In preparation for the new year, this week's news covers mobile apps, open-access databases, and a visual novel-publishing platform. Also, on the American Council on Education's Higher Education Today blog, a breakdown of promising workforce models that can better support college educators. 

News in brief

The latest news and opinions in higher education.

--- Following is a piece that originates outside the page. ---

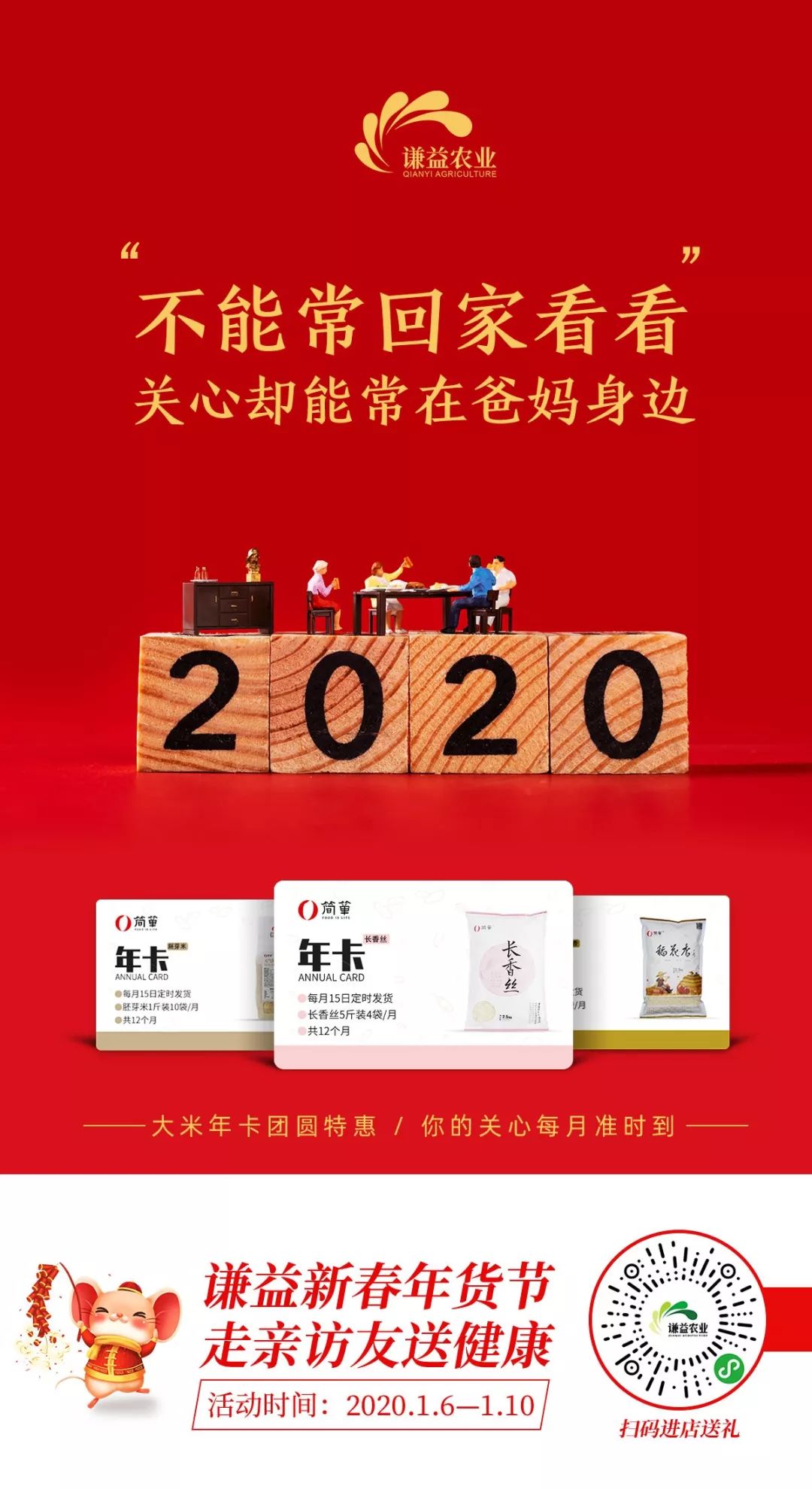 又到年末,除了给爸妈包一个大红包,更准备了一张大米年卡,不能餐餐为父母添饭,趁着年货节,一气儿把爸妈12个月的粮食都安排妥帖。孝亲,可以是一碗健康米饭,不能陪伴的日子,让爸妈感觉你并没有走远。

Fact-checking. A new wiki that allows students to fact-check stories they read on social media could be a valuable tool for teaching digital literacy. (ProfHacker)


Writing rightly. Emily Sherer Stewart offers tips for teaching composition effectively, including keeping students writing frequently. (Vitae)


Novel ideas. A free online tool for building and publishing visual novels can serve as a platform for student projects in multiple disciplines. (ProfHacker)


Innovating instruction. Two California State technology professionals advocate “untethering,” a process by which faculty can remotely access resources for developing digital literacy skills to enhance their teaching. (EdSurge)


Smartphone studying. Scott Hamm provides five tips for incorporating mobile apps into instruction, such as using texting for exam review. (Campus Technology)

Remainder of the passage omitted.